# Lucid Dreaming > Attaining Lucidity > Induction Techniques >  >  Post your #1 tip for getting lucid

## dreamsOfSpace

It'd be cool to see everyone's single best tip for getting lucid, in one place.  My best tip is to try to have a dream where you are by yourself, so you have a better chance to be less distracted by the dream and realize that you are dreaming.

Please keep it to this format:
- 1 or 2 sentences
- Only 1 tip

----------


## Sensei

search for lucidity without thought of how long it will take.

----------


## casualdreamer

Not letting my mind wander before sleep/WBTB (meditation affirmation etc...).

----------


## dolphin

Immediately after waking up from a dream, imagine the dream continuing until it returns.

----------


## SamvelOri

Remind yourself in a dream that you're in dream, otherwise you'll probably loose lucidity

----------


## ZAD

Bulk and cut in fitness terms, for a few months each, in alternating cycles. Bulk by spending all of your effort only on getting lucid as often as possible until your frequency increases; cut by refining the quality, content, and your abilities in those lucid dreams.

----------


## 1wilian

Desire it as much as you can, imagine it happening and be grateful even before if happens.

----------


## slimslowslider

Bring dreaming and lucidity to mind in whatever ways you can.

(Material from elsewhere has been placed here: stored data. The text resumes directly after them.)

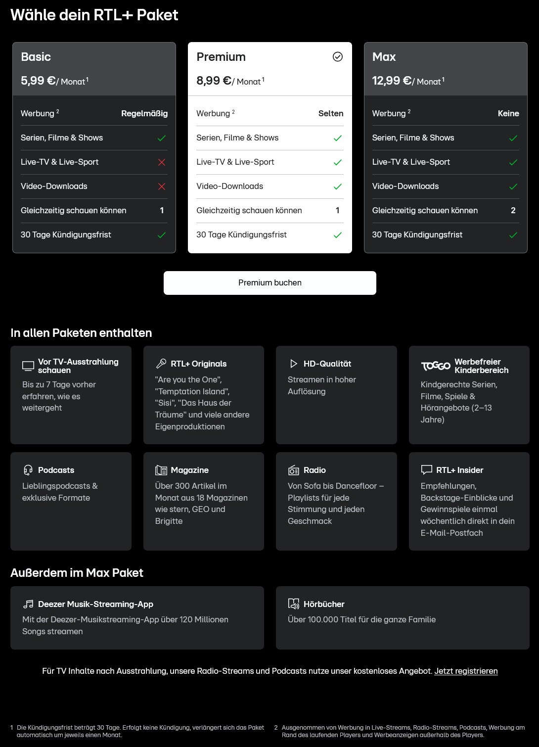 Hier mal die derzeitige Paket- und Preisübersicht von RTL+.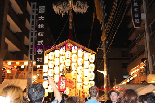 一路從四條大宮開始走往河原町,路上穿浴衣的人愈來愈多,愈來愈有節慶氣氛,再來就是各式各樣的山鉾,晚上點燈很炫爛美麗,還有人一邊演奏樂器,及好多夜市攤子,整個四條熱鬧非凡,真的是很有趣。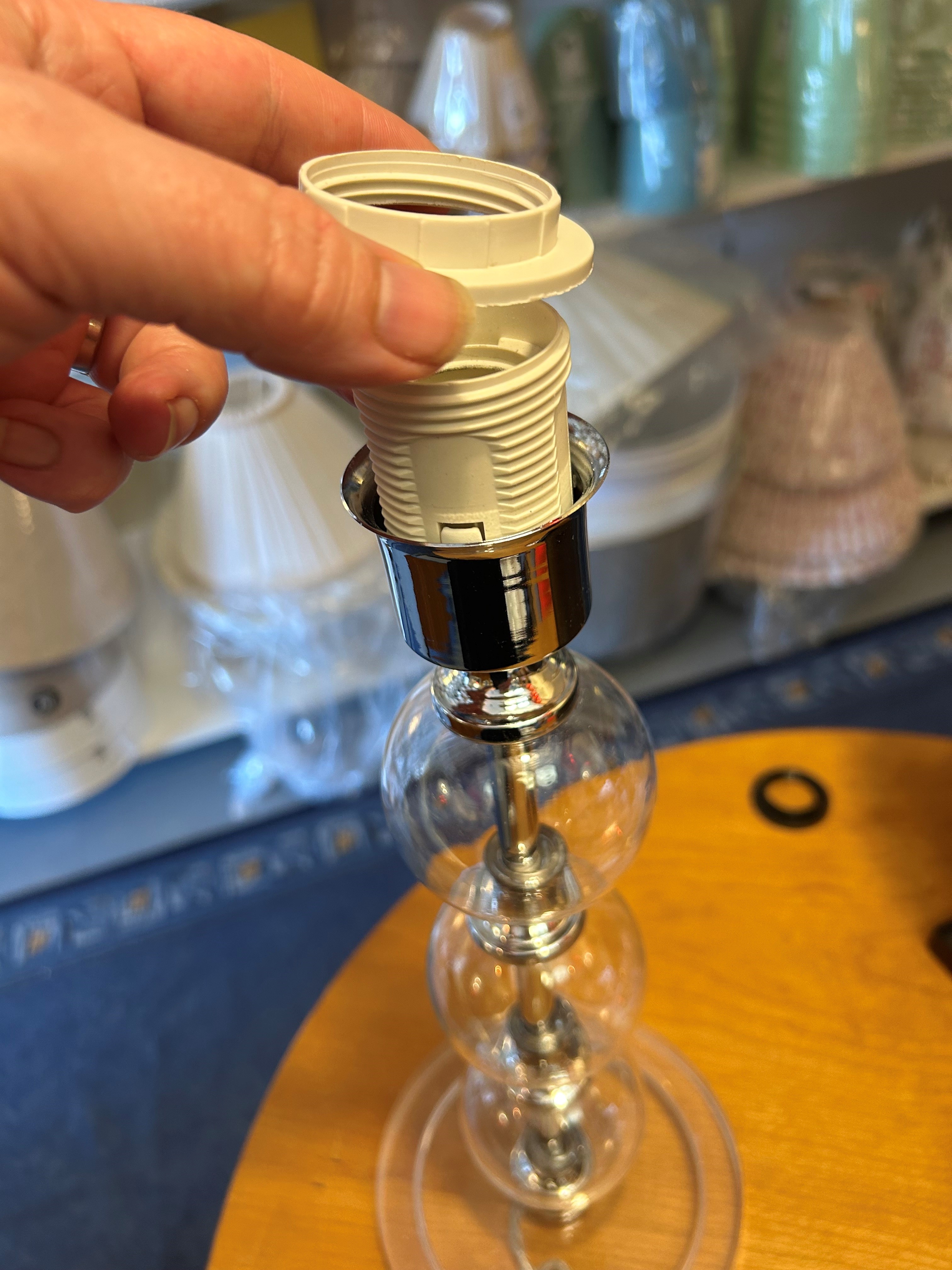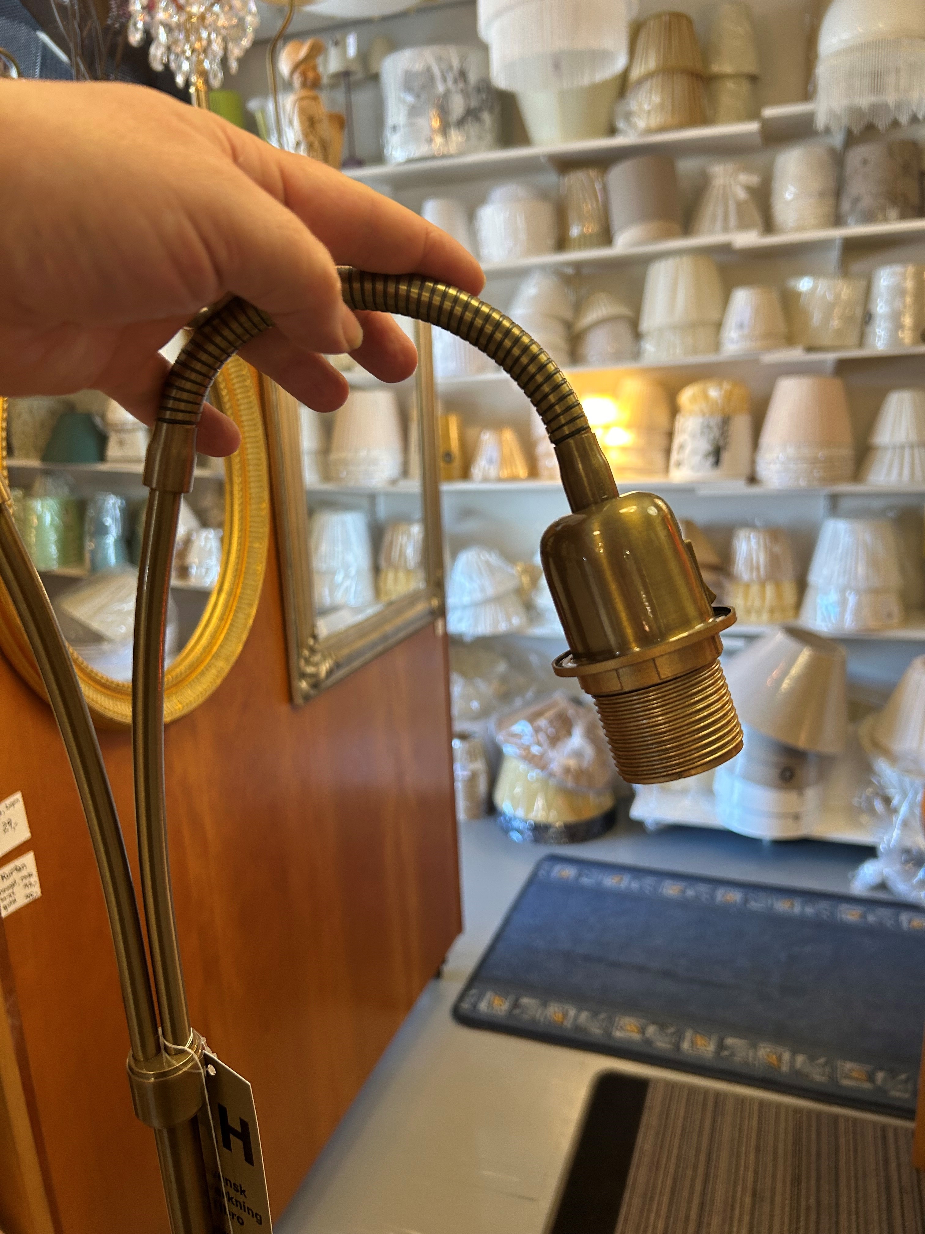 Yllä olevassa kuvassa on vanhan mallinen kanta, jossa on ura vieressä olevalle varjostintelineelle. Kuvassa oleva varjostinteline kiristetään lampun kannassa olevaan uraan. Varjostintelineen koko valitaan varjostimen korkeuden mukaan ja varjostimessa on yläosassa noin 10mm reikä, johon varjostinteline kiinnitetään. Varjostintelineen ylhäällä on nuppi, joka kierretään irti, varjostin asetetaan telineen päälle ja lopuksi nuppi kierretään takaisin varjostintelineeseen kiinni, jolloin varjostin jää tukevasti telineeseen kiinni. Meidän varjostintoimittajilta VarjoMarjalta sekä Ateljee Sinun Varjosi saa monipuolisesti eri kokoisia ja kankaisia varjostinvaihtoehtoja varjostintelinekiinnitykseen. Sama kiinnitys on myös esimerkiksi useampi lamppuisissa lattiavalaisimissa, joissa lampun kantojen yläpuolella on pystyssä 10mm kierretanko, johon varjostin kiinnitetään. Kysy myymälästämme lisätietoa ja koko vaihtoehtoja.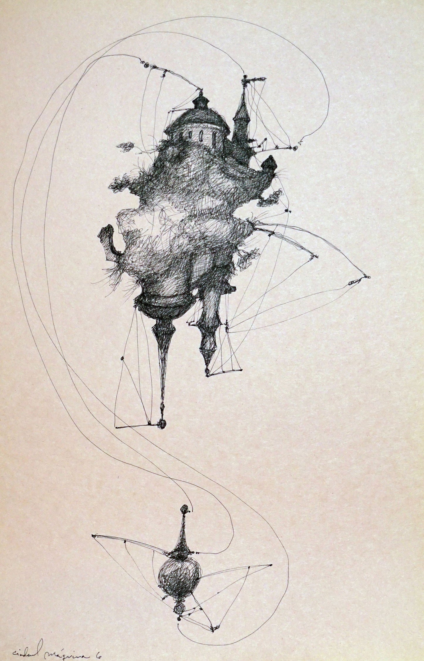 Inspirada por una serie de poemas que titulé 'La Parábola', cada una de mis obras lleva consigo un trasfondo único. A mediados de 2022, me sentí abrumado por la percepción de una sociedad que parecía una inmensa maquinaria, y yo en medio; caminando por calles igual que como se camina dentro de una ciudad industrial, solo que en mi cabeza, no estaba en una ciudad máquina que producía nada bueno, ni útil. Ahí fue donde nació 'Ciudad Máquina'. En esta serie yo reflejo la maquinaria que Adán y Eva construyeron en mi parábola, un entramado de estructuras tanto opresivas como liberadoras que capturan la dualidad de la tecnología y la naturaleza humana. Exploro esta interacción compleja con líneas dinámicas y detalles meticulosos en cada dibujo en tinta sobre papel. Invito a los espectadores a reflexionar sobre nuestra relación con el entorno construido y el natural. Además, toda la serie tiene su espacio sonoro. Obras que yo compongo para intensificar la experiencia visual y emocional de la serie, creando un diálogo sinérgico entre los sentidos auditivos y visuales que enriquece la interpretación de cada espectador, una experiencia sinestésica.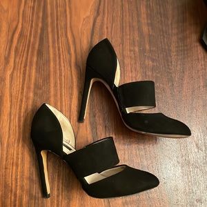 Black suede heels, 4” heel, worn twice
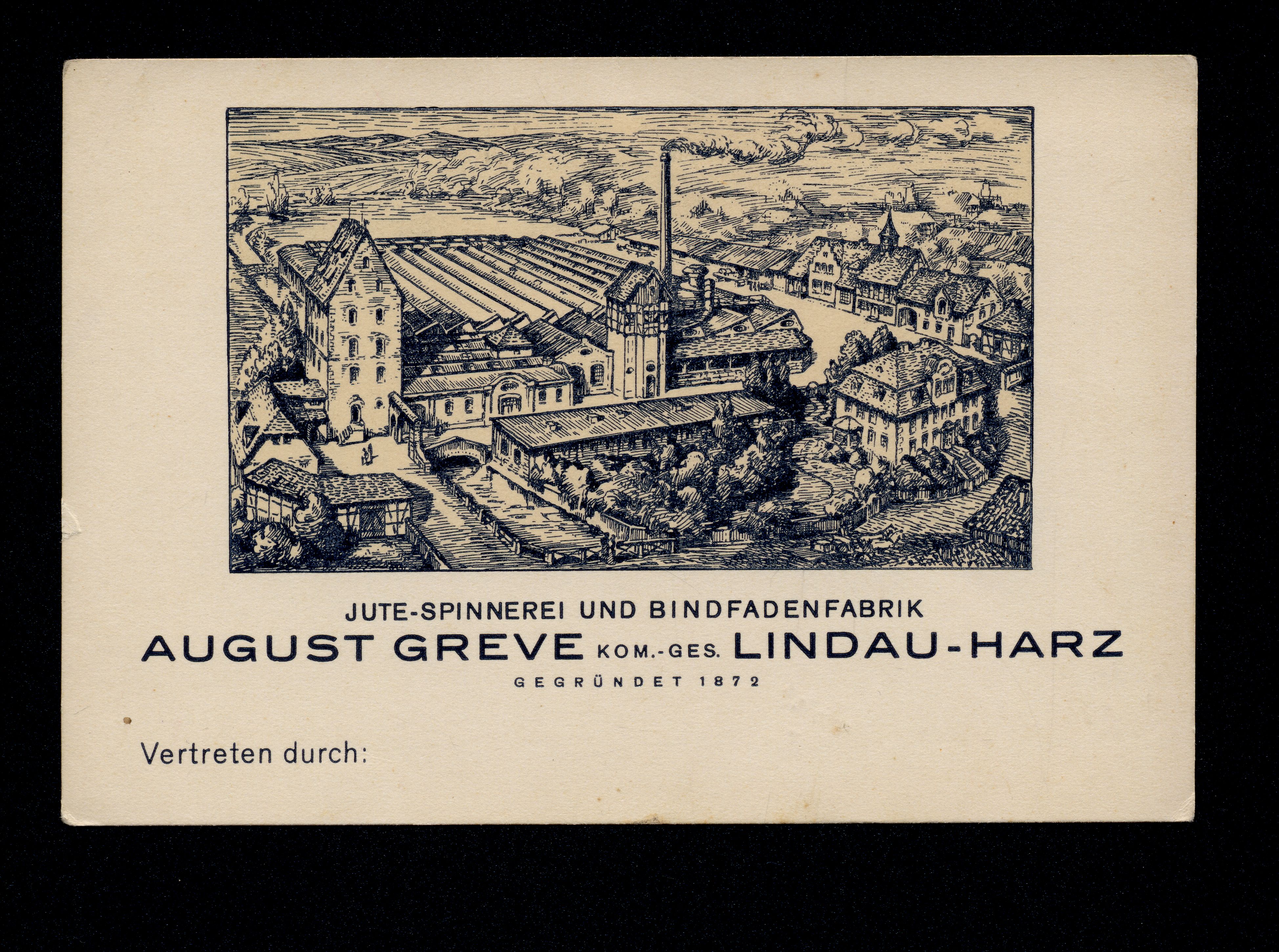 Ort Lindau - Belege Beschreibung Druck im Postkartenformat Motive Jute-Spinnerei und Bindfadenfabrik August Greve Kom.-Ges. Format Sonderformat Verlag - Bestell- oder Individualnummer - Tags Mushaus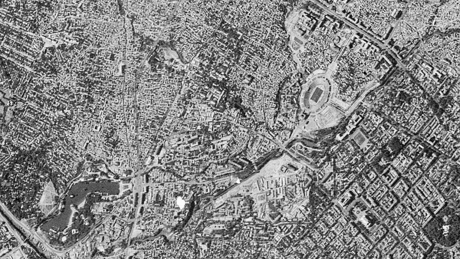 1963_Tashkent_BeshAgach-Almazar_sputn-fotoНа спутниковом снимке 1963 года мы видим внизу-слева Комсомольское озеро с площадью БешАгач. От него наверх идет улица изгибаясь на право — это проезд Фурката. От него вправо до стадиона Пахтакор район улиц Алмазар и Укчи.. |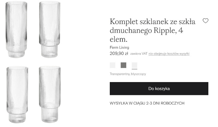 W ofercie Westwing dostępny jest komplet szklanek z serii RIPPLE marki Ferm Living. Zestaw 4 szt. kosztuje 209,90 zł, co daje około 52 zł za 1 szt. Każda szklanka ma średnicę 6 cm, wysokość 14 cm i pojemność 300 ml. Jest to szkło dmuchane ręcznie, co podkreśla jego rzemieślniczy charakter.

My #1 method for doing this is keeping a dream diary.
Also - visiting Dreamviews usually has the desired effect.  Engaging and posting is better still.

I'm going through a dry patch at the, moment (although I still LD spontaneously)
Currently not keeping a dream diary or thinking about it much - too distracted/ stressed.
Last time I was active on DV - doing the challenges etc - after a warm up period, getting into it, I would reliably LD with God-like control on cue.

Thanks DV  :;-):

----------


## Mayatara

I have been a natural lucid dreamer since my 20s, but due to work and health reasons, my lucids stopped for some years (just had them once in a while). I have now started a new routine to try to induce lucid dreams more frequently and I was surprised that I have had 100% success! If I follow my routine, I have lucids every night (at least so far).
The routine is:
- before bed, meditate 30 mins listening to binaural audio for lucid dreaming 
- in the middle of the night I always wake up to pee and then I repeat the meditation for another 30 mins before falling asleep again
The result is: guaranteed lucid dreams in the last 1 or 2 sleep cycles and more vivid dreams and greater recollection in general.

Anyway, keeping a dream journal, doing reality tests frequently and keeping your mind every day on this topic, really helps establishing the ground  :wink2:

----------


## Lang

#1 tip: tip is not to waste your time comparing yourself to other lucid dreamers. Instead, focus on your own lucid Journey. Find your own learning style for lucid dreaming. One who admits to knowing nothing is open to experience all things in existence. We're only limited to our own self development in parallel with self awareness.

----------


## Jamal9mm

Dream recall should be your #1 goal

----------


## Tiktaalik

> Dream recall should be your #1 goal



I second this as my number one along with an early morning WBTB.

----------


## Lang

> Dream recall should be your #1 goal



Actually, I think recall should come second to Sleep health and Mental health. (IMO)  Good sleep health is more important, Lucid dreaming is a bonus.

 :smiley:

----------


## FryingMan

^ as a goal for overall life health, yes good sleep is very important.   But that's not the subject of this thread  :smiley: .

I'd say it's a tie between developing mind-blowingly high recall, and developing bright lucid awareness in waking life.   Intent is in there, too.   So, in order for it to fit into "one thing," I'll say:





> Work unceasingly to develop the fundamentals to ever-higher heights.

----------


## Lang

> ^ as a goal for overall life health, yes good sleep is very important.   But that's not the subject of this thread .
> 
> I'd say it's a tie between developing mind-blowingly high recall, and developing bright lucid awareness in waking life.   Intent is in there, too.   So, in order for it to fit into "one thing," I'll say:



Or is it? People come on thinking that you must lucid dreaming every night is healthy but, they forget that it can stress you out if you are not careful. (IMO) How about developing mind-blowingly high recall and developing a sense of yourself? (Knowing your sleep schedule, how you feel and stuff like that.)  :wink2: 

 :smiley:

----------